The primary limiting factor for running LLaVA 1.6 13B on an NVIDIA RTX 3080 12GB is the VRAM capacity. LLaVA 1.6 13B, when using FP16 (half-precision floating point) data types, requires approximately 26GB of VRAM to load the model and perform inference. The RTX 3080 12GB only provides 12GB of VRAM, resulting in a shortfall of 14GB. This discrepancy means the model, in its native FP16 format, cannot be loaded entirely onto the GPU, leading to out-of-memory errors or requiring offloading to system RAM, which significantly degrades performance.
While the RTX 3080 12GB boasts a respectable memory bandwidth of 0.91 TB/s and a substantial number of CUDA and Tensor cores, these specifications become less relevant when the model cannot fully reside in VRAM. The high memory bandwidth would only be beneficial if the model could be processed efficiently on the GPU. Similarly, the CUDA and Tensor cores would be underutilized due to the constant data transfer between system RAM and the GPU. The Ampere architecture of the RTX 3080 is powerful, but VRAM limitations bottleneck its potential in this scenario. Without adequate VRAM, estimating tokens per second or batch size is not feasible, as the system will likely struggle to even initiate inference without significant optimization.
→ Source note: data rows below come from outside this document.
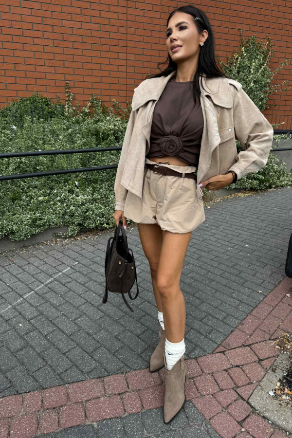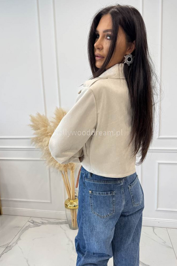 Kurtka krótka zamszowa jasno beżowa Ola to lekka i stylowa propozycja na cieplejsze dni. Nieocieplana, z miękkiego materiału, zapewnia komfort noszenia i swobodę ruchów. Zamiast klasycznego zapięcia posiada subtelny pasek z klamrą do przełożenia, co dodaje jej nowoczesnego charakteru. Idealna do casualowych i miejskich stylizacji.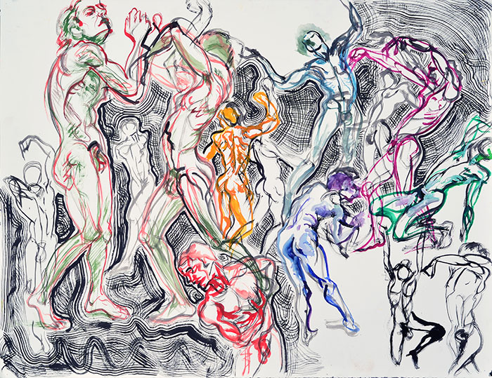 I work on the floor, crawling over the large sheet and covering it with overlapping sketches of movement or quick poses taken by a model-collaborator. Once the drawing reaches a certain density, like a tangle of threads, I begin to work on carving a structure out of this undifferentiated energy field. I bring some of the layers of drawing forward by adding depth and weight to the forms, and push others into the background or into abstraction. I alternate between crawling on the drawing, where individual lines can be followed like paths, and standing back to get a sense of overall form and balance.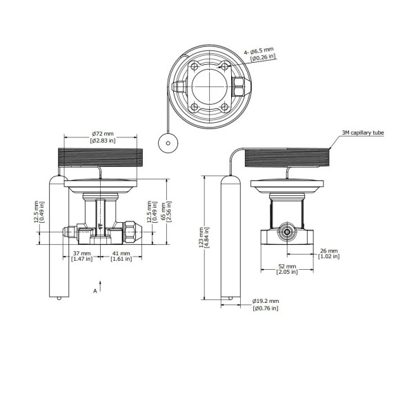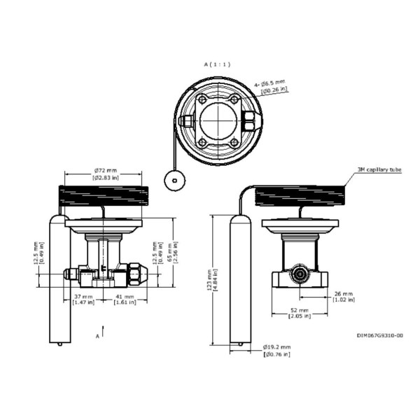 Danfoss Elemento Termostatico para Valvula Expansion R404 / R507 Puerto Ecualizador 1/4 Rango Temp -40C a -10C Capilar 3m 067G3302 TES55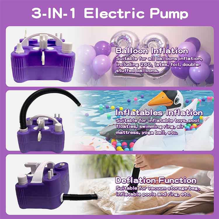 이 전기 풍선 펌프는 하나의 4 가지 기능을 제공합니다. 효율적인 풍선 팽창기 일뿐 만 아니라 풍선 장난감/가정 용품에 대한 매우 빠른 불타인, 진공 저장 백을위한 지능형 진공 펌프 및 스포츠 볼을위한 전문 공기 펌프입니다. 파티 장식에서 야외 캠핑, 홈 스토리지에서 스포츠 및 피트니스에 이르기까지 하나의 장치는 모든 장면 요구 사항을 다루고 공간을 절약하고 예산을 절약합니다.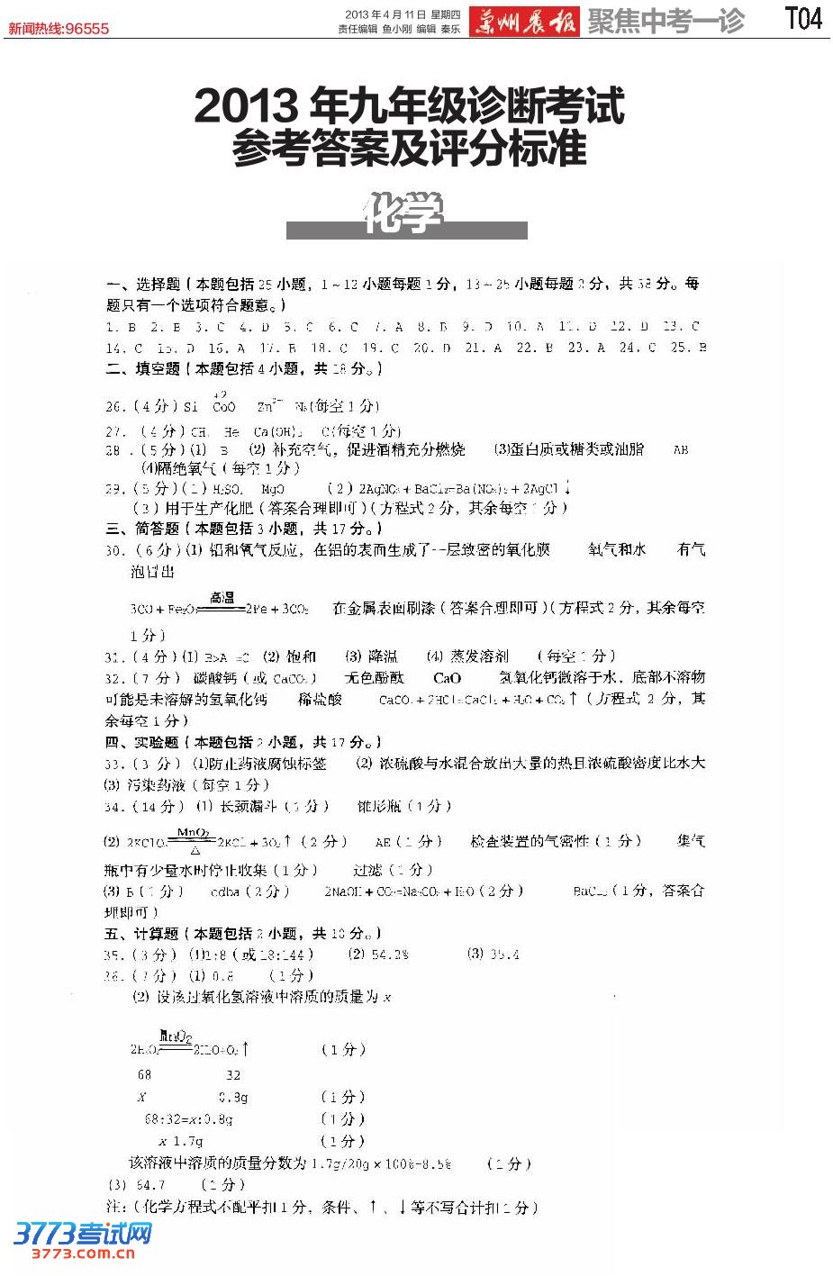 [图文]2013兰州中考一诊化学答案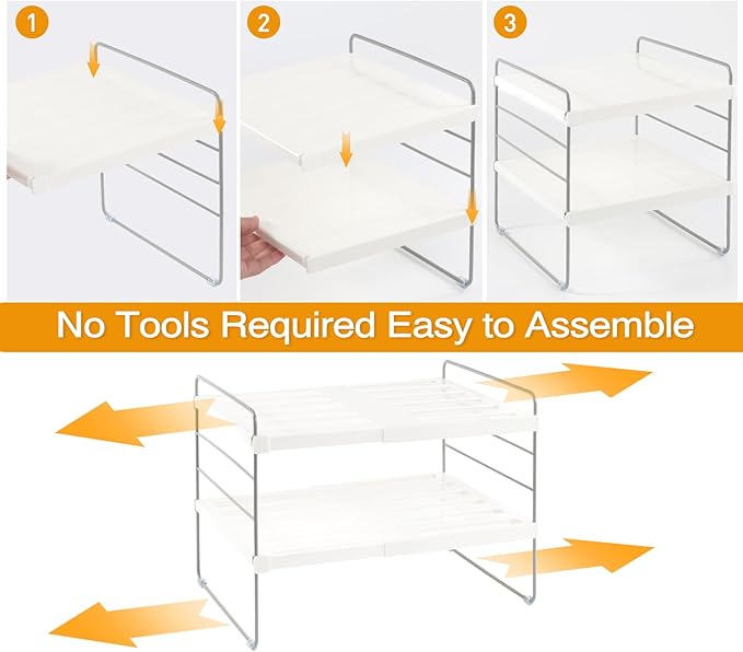 JUPELI Foil and Plastic Wrap Organizer, Expandable Kitchen Pantry Storage, Height Adjustable Cabinet Rack for Kitchen Organization, Aluminum Foil -3 Tier 9.8" to 15.6"L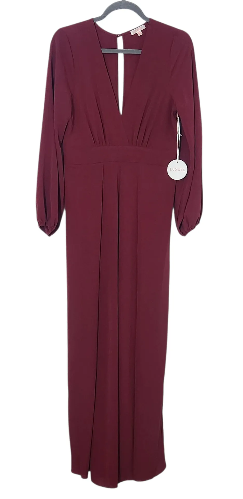 Luxxel elegant burgundy jumpsuit features long sleeves, a slit in the back, and a sash at the waist.... Show more

To run LLaVA 1.6 13B on an RTX 3080 12GB, you must employ quantization techniques to reduce the model's memory footprint. Quantization involves reducing the precision of the model's weights, thereby decreasing the VRAM requirements. Consider using 4-bit or 8-bit quantization. Frameworks like `llama.cpp` and `vLLM` offer excellent support for quantization and efficient inference. Be aware that quantization will likely impact the model's accuracy, but it is a necessary trade-off to enable execution on a GPU with limited VRAM.
Alternatively, explore cloud-based inference services or consider using a GPU with more VRAM. Cloud services offer the advantage of accessing powerful GPUs on demand, while upgrading your GPU would provide a more seamless and performant experience. If neither of these options is feasible, investigate techniques like model parallelism, where the model is split across multiple GPUs. However, this approach adds significant complexity to the setup and is generally not recommended for beginners.